● **Data below**:

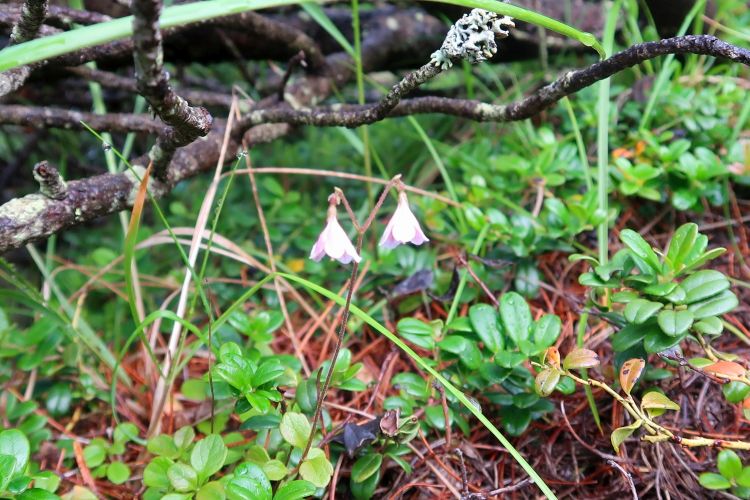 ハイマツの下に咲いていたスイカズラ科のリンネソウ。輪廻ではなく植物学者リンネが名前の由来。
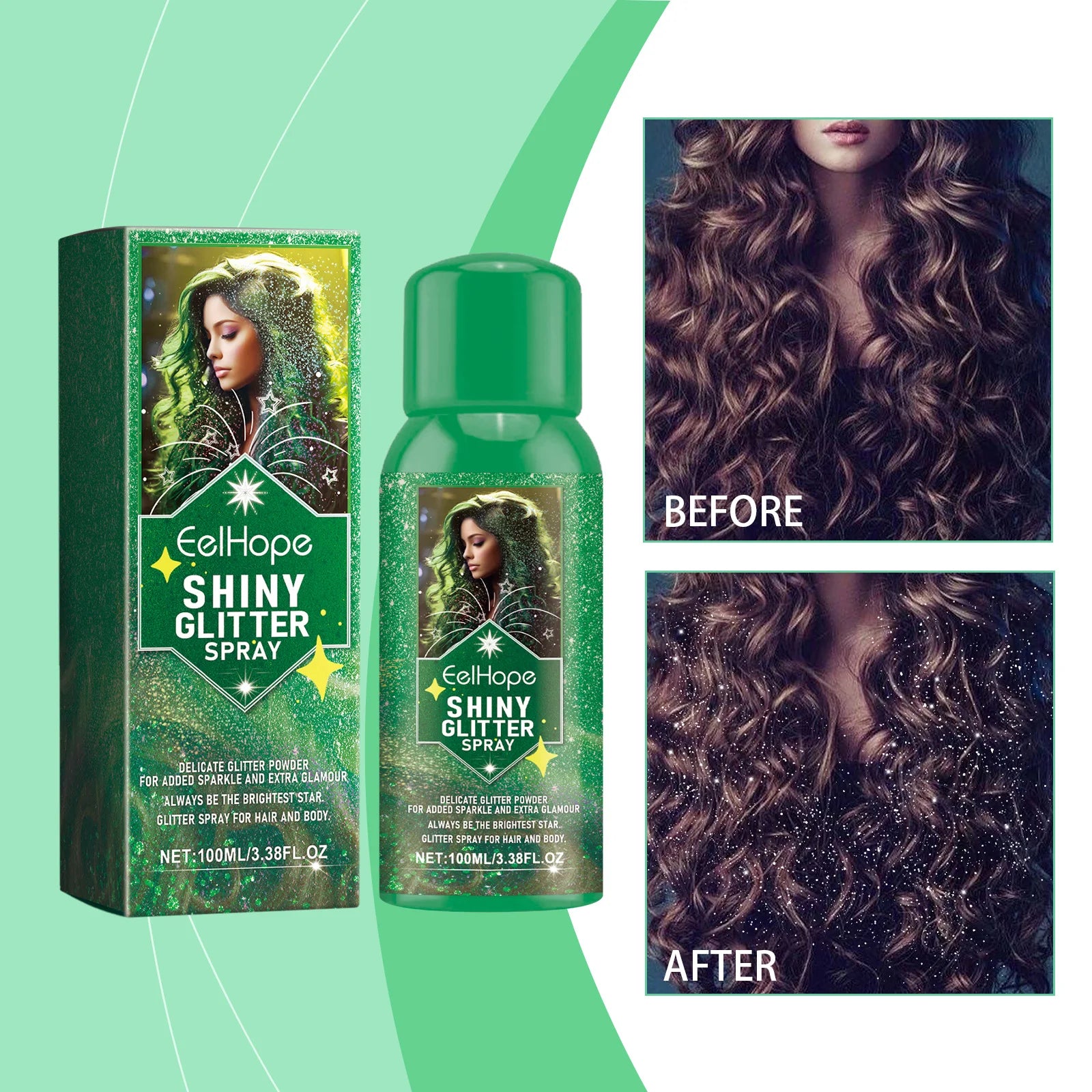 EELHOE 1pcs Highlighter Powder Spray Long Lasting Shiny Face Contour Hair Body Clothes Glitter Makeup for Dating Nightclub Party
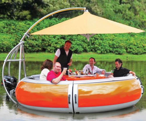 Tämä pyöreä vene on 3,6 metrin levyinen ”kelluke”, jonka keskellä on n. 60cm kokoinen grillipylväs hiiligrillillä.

● **Exercise requirements**:
Print, exactly as written, the lines from the one containing "EELHOE 1pcs Highlighter" to the end of the material, both ends included, and nothing else; no pictures.

● **Answer to this task**:
 EELHOE 1pcs Highlighter Powder Spray Long Lasting Shiny Face Contour Hair Body Clothes Glitter Makeup for Dating Nightclub Party
 Tämä pyöreä vene on 3,6 metrin levyinen ”kelluke”, jonka keskellä on n. 60cm kokoinen grillipylväs hiiligrillillä.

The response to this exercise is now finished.